OpenTelemetry is the default instrumentation layer in 2026, with traces, metrics, and logs all stable and shipped over the OTLP wire protocol. Continuous profiling is the fourth signal, in release-candidate status.

- Initialize the SDK once at process start, before any other import, so auto-instrumentation can patch libraries; in Node use `@opentelemetry/sdk-node` with `getNodeAutoInstrumentations()`.
- Export all three signals over OTLP (gRPC `4317` or HTTP `4318`) to a local OpenTelemetry Collector, not directly to a vendor; the Collector handles batching, retries, and re-routing.
- Set `service.name`, `service.version`, and `deployment.environment` as Resource attributes so every signal is attributable.
- Use the W3C `traceparent` propagator (the default) so trace context flows across HTTP, gRPC, and message queues; do not hand-roll correlation headers.
- LLM and agent calls have a `gen_ai` semantic-convention group (still experimental) covering `gen_ai.request.model` and token-usage attributes; use it for AI pipelines rather than inventing attribute names.

---

### [MEMORY] SLOs and multi-window burn-rate alerts  (path: /deploy)

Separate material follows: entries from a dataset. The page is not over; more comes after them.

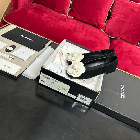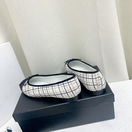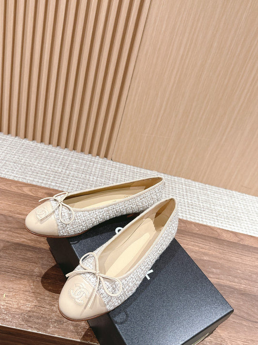 CHANEL BALLET FLAT WHITE CALFSKIN AND FABRIC
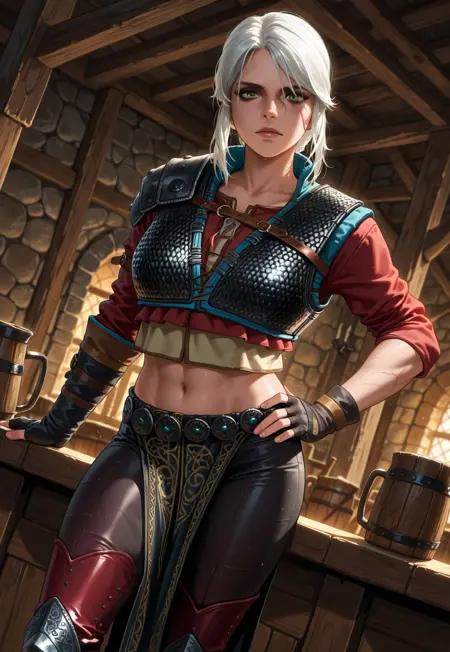 汎用トリガー語: - ciri, 白髪, 緑の目, 目の横の傷, (必要に応じてバラのタトゥー、太ももタトゥー)
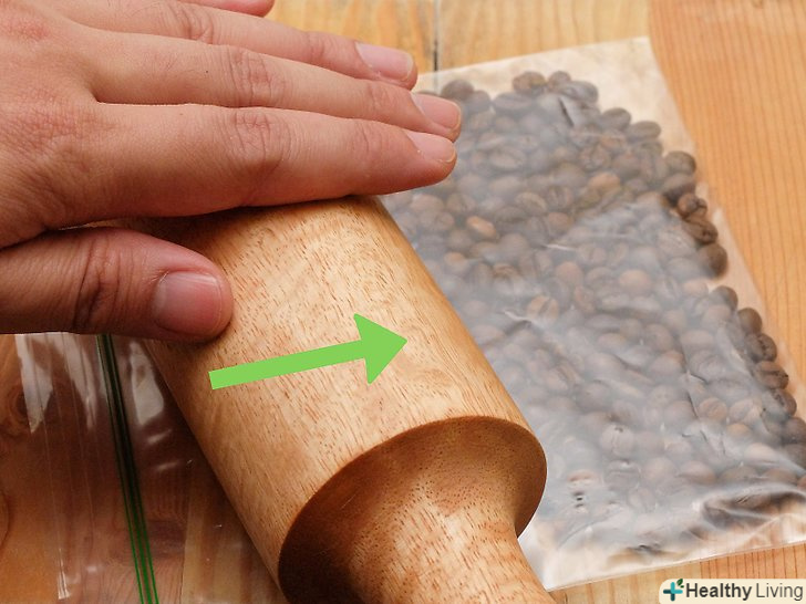 Подрібніть зерна качалкою.відміряйте необхідну кількість зерен і засипте в щільний пакет для заморозки. Закрийте пакет і помістіть на плоску поверхню. Розправте зерна, щоб вони лягли одним шаром. Акуратно постукайте по зернах качалкою, щоб розбити їх, а потім працюйте качалкою як зазвичай, щоб отримати бажаний помел.[6]- Якщо у вас немає щільного пакета, то можна перекласти зерна листами пергаментного паперу.
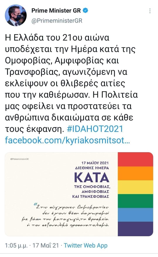 «Η Ελλάδα του 21ου αιώνα αγωνίζεται να εκλείψουν οι θλιβερές αιτίες που την καθιέρωσαν. Με οριζόντια νομοθετικά μέτρα στην εργασία και σε κάθε τομέα της δημόσιας ζωής. Με πρωτοβουλίες όπως η διαμόρφωση Εθνικής Στρατηγικής για την Ισότητα των ΛΟΑΤΚΙ+. Αλλά και με συμπεριφορές που υπερβαίνουν στερεότυπα και προωθούν τη δημιουργική συνύπαρξη. Στις σύγχρονες Δημοκρατίες δεν έχουν θέση διαχωρισμοί με βάση την καταγωγή, τη θρησκεία ή τον σεξουαλικό προσανατολισμό. Ούτε ο 21ος αιώνας ανέχεται τη βία, τις διακρίσεις και τη ρητορική μίσους γύρω από την ταυτότητα, τα χαρακτηριστικά και την έκφραση φύλου. Η Πολιτεία μας οφείλει να προστατεύει τα ανθρώπινα δικαιώματα σε κάθε τους έκφανση. Αξιοποιώντας παντού τον πλούτο της διαφορετικότητας. Και η κοινωνία μας να προοδεύει. Ξεπερνώντας μισαλλόδοξες αγκυλώσεις…».
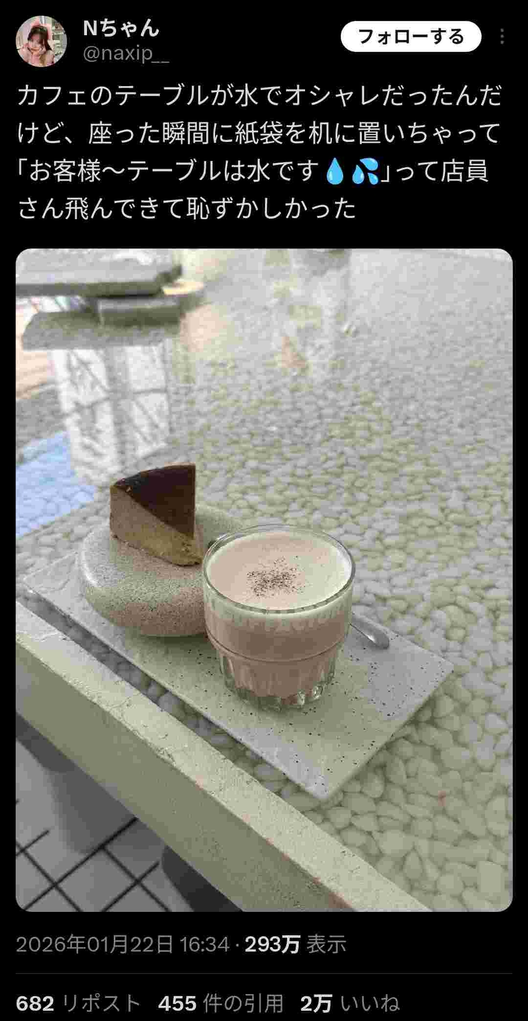おしゃれカフェさん「テーブルを水浸しにしたらエモそう」→女がテーブルの上に鞄を置きバシャーンwww

Define SLOs on user-facing symptoms (availability, latency) and alert on how fast you burn the error budget, not on raw resource thresholds. This is the Google SRE multi-window, multi-burn-rate approach.

- Pick SLIs that reflect user experience: success ratio of requests and a latency percentile (for example p95 under 300ms); set a realistic objective like 99.9% over 30 days.
- Page when burn rate is greater than 14.4 over a 1-hour window (about 2% of a 30-day budget consumed in an hour) and the short window confirms it is still burning now.
- Open a ticket (no page) when burn rate is greater than 6 over a 6-hour window, and surface slow burns (greater than 1 over 3 days) in weekly review.
- Each alert pairs a long detection window with a short confirmation window so resolved incidents stop paging; instrument RED metrics (Rate, Errors, Duration) for request services and USE (Utilization, Saturation, Errors) for resources to power these SLIs.
- Every page must be actionable and link to a runbook; if an alert cannot be acted on, it is a dashboard, not a page.

---

### [SKILL] observability-review  (path: /)

---
name: observability-review
description: Review checklist for service observability covering structured correlated logs, OpenTelemetry trace and metric instrumentation, OTLP export, low-cardinality metrics, and SLO burn-rate alerts. Run before merging any telemetry, logging, or alerting change.
---

# Observability review

- [ ] All application logs go through one structured logger emitting JSON; no `console.log`/`print` for app logging.
- [ ] Every log record carries `trace_id`, `span_id`, `service.name`, and a mapped OTel severity from the active span context.
- [ ] Secrets, tokens, and PII are redacted at the logger; business identifiers are discrete fields, not embedded in the message string.
- [ ] The OpenTelemetry SDK is initialized once before other imports, with `service.name`, `service.version`, and `deployment.environment` set on the Resource.
- [ ] Traces, metrics, and logs export over OTLP to a Collector, not directly to a vendor backend.
- [ ] W3C `traceparent` propagation is used across HTTP, gRPC, and queues; no hand-rolled correlation headers.
- [ ] Metric attributes are low-cardinality and follow semantic conventions (`http.route`, `http.request.method`); no user ids, request ids, or raw URLs as attributes.
- [ ] High-cardinality attributes are dropped or aggregated via SDK Views or the Collector before export.
- [ ] New alerts are tied to an SLO and fire on multi-window burn rate (page at >14.4 / 1h, ticket at >6 / 6h), not raw CPU or error counts.
- [ ] Every paging alert is actionable and links to a runbook; non-actionable signals are dashboards, not pages.